Shouldn’t that be something we focus on fixing, YSI asked him, improving the ability of CPS to receive information without it innately causing surveillance?
Yes, he said, “but until we reach that point, we should leave it to the discretion of medical professionals to decide when to call. I’m not saying they should be barred from calling CPS, I’m just saying they’re likely to know when it’s warranted.”
But Wexler, whose organization champions family preservation and fights what he sees as an over-reliance on foster care and adoption, said he does agree with Bevan that the new money proposed by the commission “would do nothing but create the same lousy system, only bigger.”
NCCPR’s “pre-buttal” on the recommendations, “Minority Report,” emanates from Wexler’s belief that the commission wants to up spending on investigations at a time when there’s momentum to invest in keeping families together. From the report:
“At a time when Congress finally is giving serious consideration to allowing funds now reserved for foster care to be used for safe, proven prevention and family preservation programs as well, there are commissioners who seem to have their eye on that pot of money as a way to fund child abuse investigations instead.”
Among the recommendations on Wexler’s hit list is the one suggesting that all hotline calls related to a child under five be investigated. Wexler estimates that this would result in a 44 percent increase (about 800,000) in new child abuse investigations every year.
NCCPR’s report argues that the intrusion of the investigation itself is harmful to the child and family, and that the cost of the new investigations would likely result in cuts to meaningful programs aimed at keeping families together.
The report also takes aim at the commission’s interest in predictive analytics, a process by which large data sets are used in models that can either gauge risk and/or steer outcomes for child- and family-serving agencies.
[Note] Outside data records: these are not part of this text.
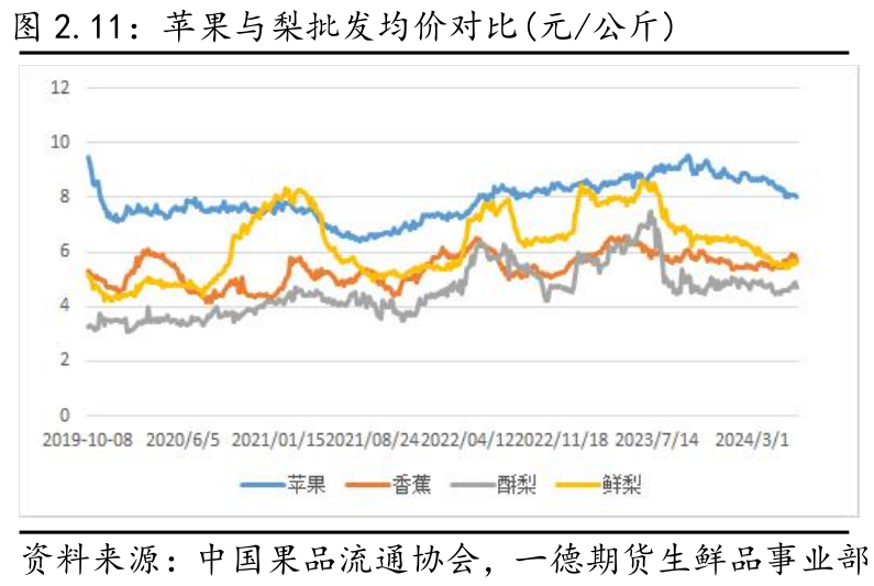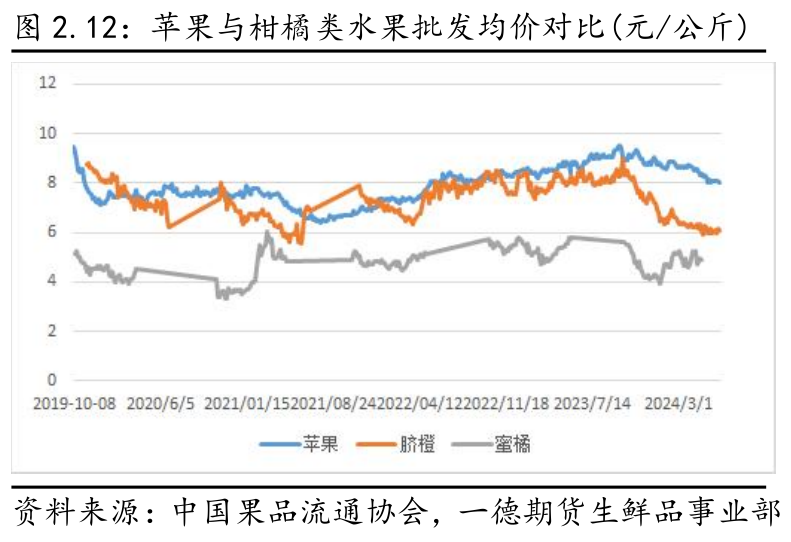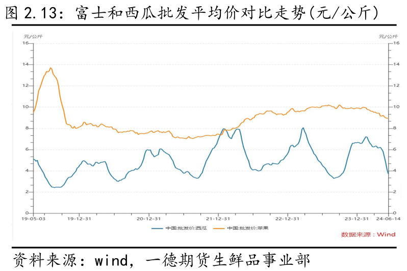 一季度对苹果形成主要替代的水果为柑橘类和梨类,以及榴莲、车厘子、草莓等反季高端水果,进入二季度,西瓜、桃类、芒果、菠萝、甜瓜、葡萄、樱桃等鲜果上市量逐渐增加,水果市场供给充足,竞争激烈,主流价格下滑较往年下滑明显,同时由于国家政策开放,进口水果大量增加,以及电商平台价格战对传统市场冲击,造成今年水果市场整体低价,对苹果形成较强替代。
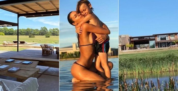 Entre las muchísimas comodidades, la construcción cuenta con una pileta endless (de borde infinito), gimnasio, galería con living campestre, parrilla, cuatro dormitorios y vista a una laguna. Además, Pampita subió algunas postales junto a sus hijos, Bautista, Benicio y Beltrán, disfrutando de la piscina.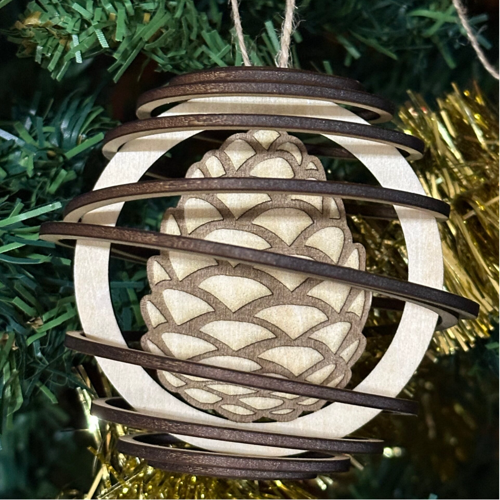 Boule de Noël spirales en bois, à personnaliser 🌟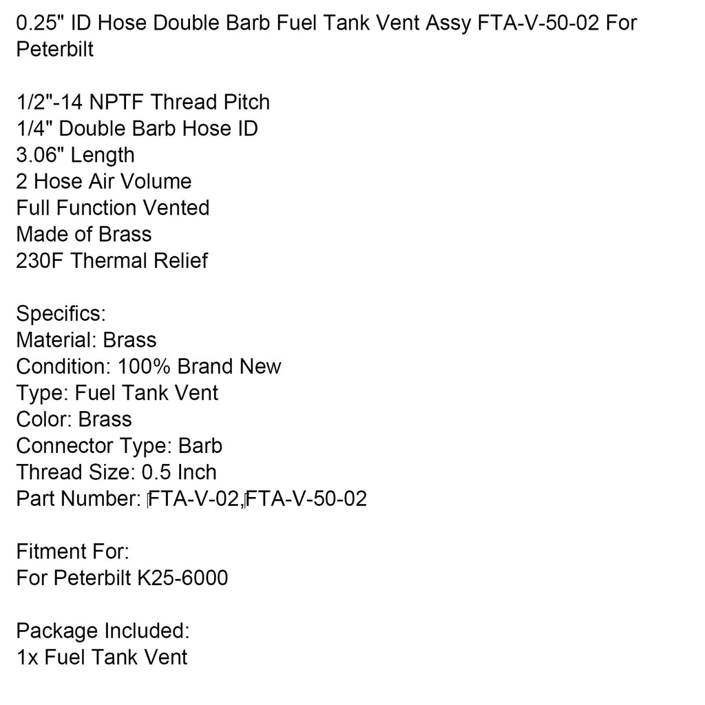 Tubo di 0,25""diametro interno, doppia scanalatura, gruppo di sfiato del serbatoio del carburante FTA-V-50-02 per Peterbilt

Wexler calls predictive analytics “a fad that is questionable in itself,” which has become popular in the child welfare field on the heels of one venture: the Rapid Safety Feedback (RSF) program in Hillsborough County, Florida. That program uses predictive analytics to target the children deemed most at risk of suffering a fatality, and increases the attention paid to them.
In the NCCPR report, Wexler points out that the program’s own creator does not claim that RSF was causal in the fact that, after nine child abuse deaths between 2009 and 2012, Hillsborough has not had another.
“The commission shouldn’t either,” Wexler said in the report.